▶ **PROBLEM DESCRIPTION**:
Write out the lines of the material below exactly, beginning at the line with "جدول مقایسه ویژگی‌های انواع کیف بچگانه" and stopping after the line with "Wesentlich mehr Fläche", and leave out the pictures.

▶ **INFORMATION SUPPLIED**:
□ □ □
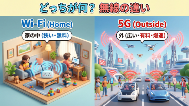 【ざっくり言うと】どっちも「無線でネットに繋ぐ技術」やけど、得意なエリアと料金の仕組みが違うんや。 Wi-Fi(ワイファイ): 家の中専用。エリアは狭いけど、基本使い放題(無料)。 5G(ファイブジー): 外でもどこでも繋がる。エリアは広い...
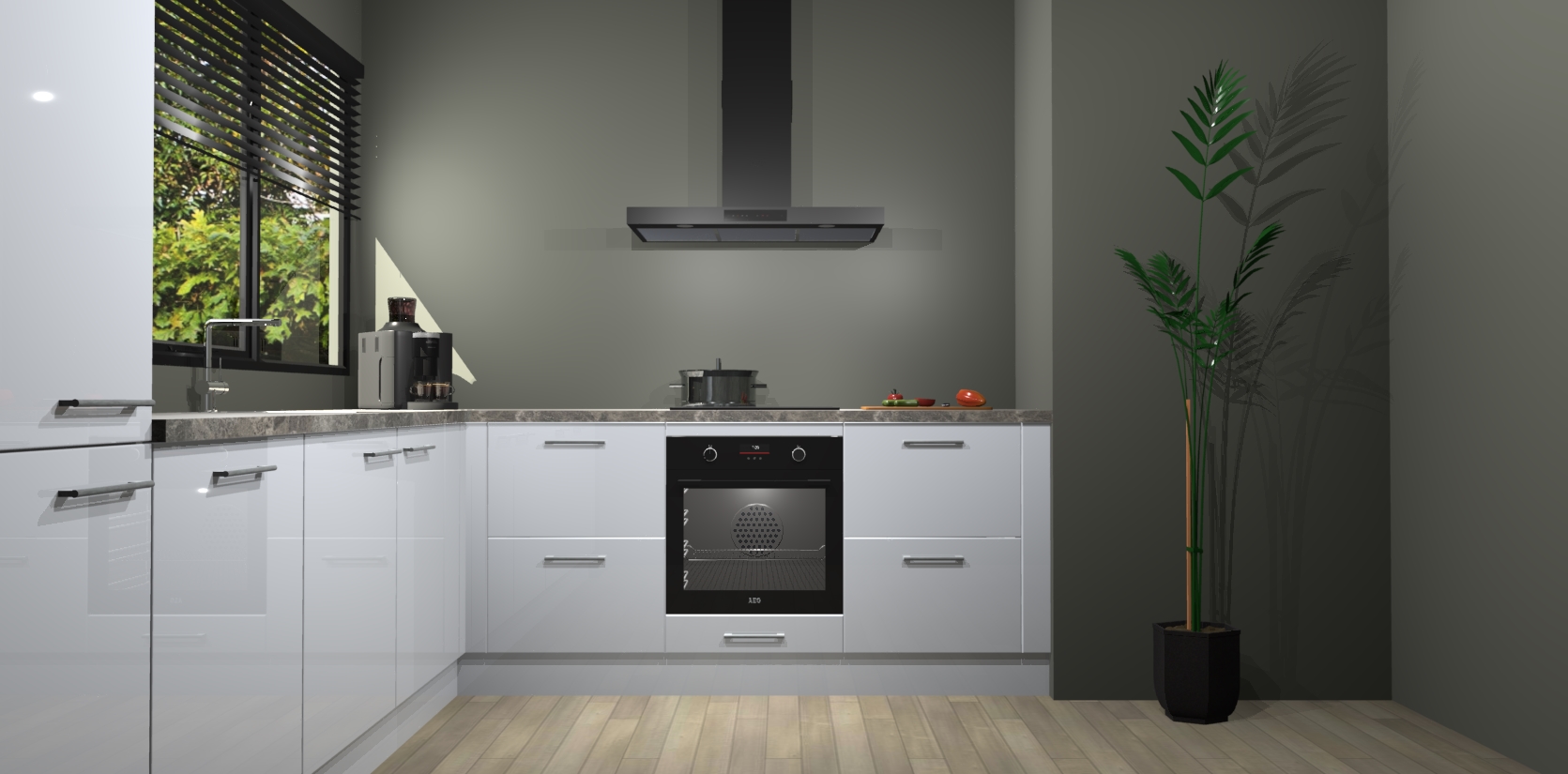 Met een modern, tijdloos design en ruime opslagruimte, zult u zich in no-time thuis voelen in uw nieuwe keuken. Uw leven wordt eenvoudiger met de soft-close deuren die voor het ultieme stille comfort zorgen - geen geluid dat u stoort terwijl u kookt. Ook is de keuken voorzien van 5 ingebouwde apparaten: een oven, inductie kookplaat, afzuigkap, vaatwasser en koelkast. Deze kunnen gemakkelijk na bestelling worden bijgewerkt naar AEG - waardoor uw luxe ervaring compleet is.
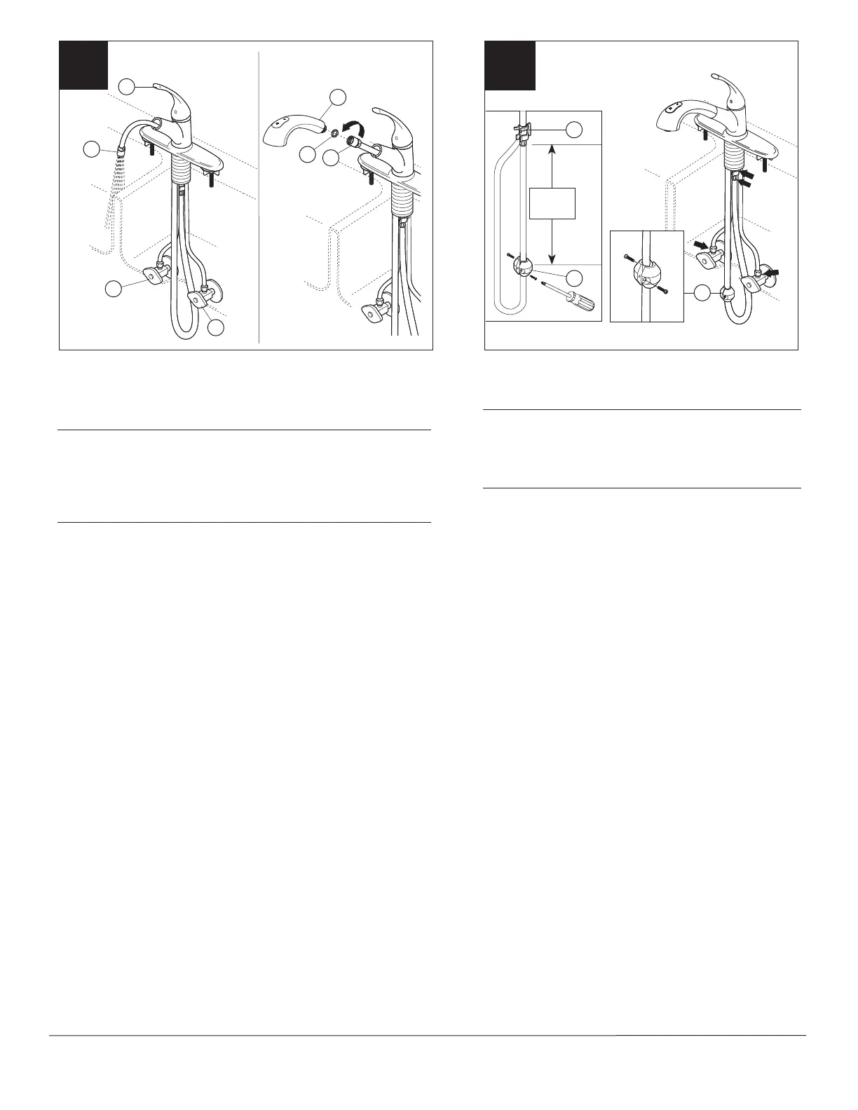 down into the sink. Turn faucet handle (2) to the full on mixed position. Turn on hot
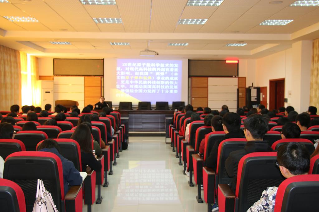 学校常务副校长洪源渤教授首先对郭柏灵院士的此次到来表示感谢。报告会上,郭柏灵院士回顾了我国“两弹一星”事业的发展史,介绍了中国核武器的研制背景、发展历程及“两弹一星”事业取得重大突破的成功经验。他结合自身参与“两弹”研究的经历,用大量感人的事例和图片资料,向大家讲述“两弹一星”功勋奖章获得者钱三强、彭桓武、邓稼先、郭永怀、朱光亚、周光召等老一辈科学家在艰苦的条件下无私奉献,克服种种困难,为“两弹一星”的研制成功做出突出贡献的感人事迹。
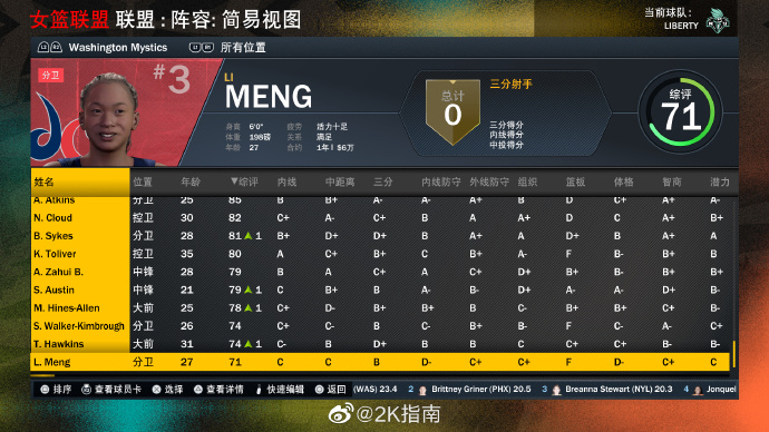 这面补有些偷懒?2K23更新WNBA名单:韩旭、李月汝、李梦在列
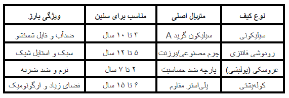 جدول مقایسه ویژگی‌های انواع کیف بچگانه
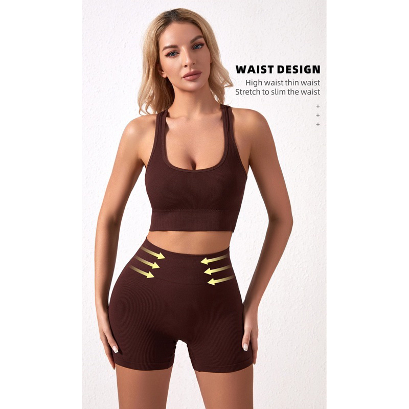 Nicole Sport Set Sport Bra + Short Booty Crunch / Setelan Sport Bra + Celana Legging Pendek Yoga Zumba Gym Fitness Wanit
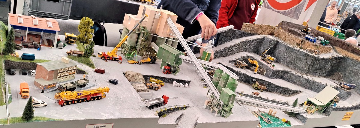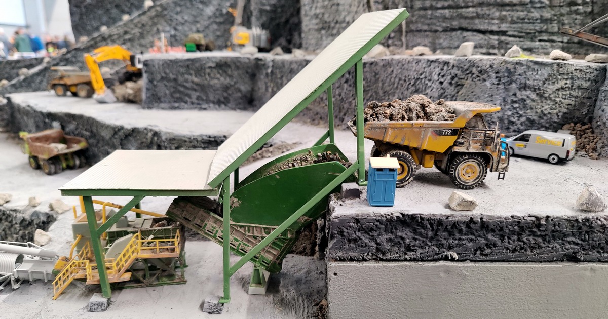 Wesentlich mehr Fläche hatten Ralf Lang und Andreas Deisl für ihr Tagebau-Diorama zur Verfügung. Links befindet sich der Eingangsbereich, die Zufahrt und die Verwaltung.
□ □ □
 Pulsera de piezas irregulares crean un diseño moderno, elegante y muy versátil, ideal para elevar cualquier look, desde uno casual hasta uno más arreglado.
□ □ □
▶ **RESPONSE AREA**:
 جدول مقایسه ویژگی‌های انواع کیف بچگانه
 Nicole Sport Set Sport Bra + Short Booty Crunch / Setelan Sport Bra + Celana Legging Pendek Yoga Zumba Gym Fitness Wanit
 Wesentlich mehr Fläche hatten Ralf Lang und Andreas Deisl für ihr Tagebau-Diorama zur Verfügung. Links befindet sich der Eingangsbereich, die Zufahrt und die Verwaltung.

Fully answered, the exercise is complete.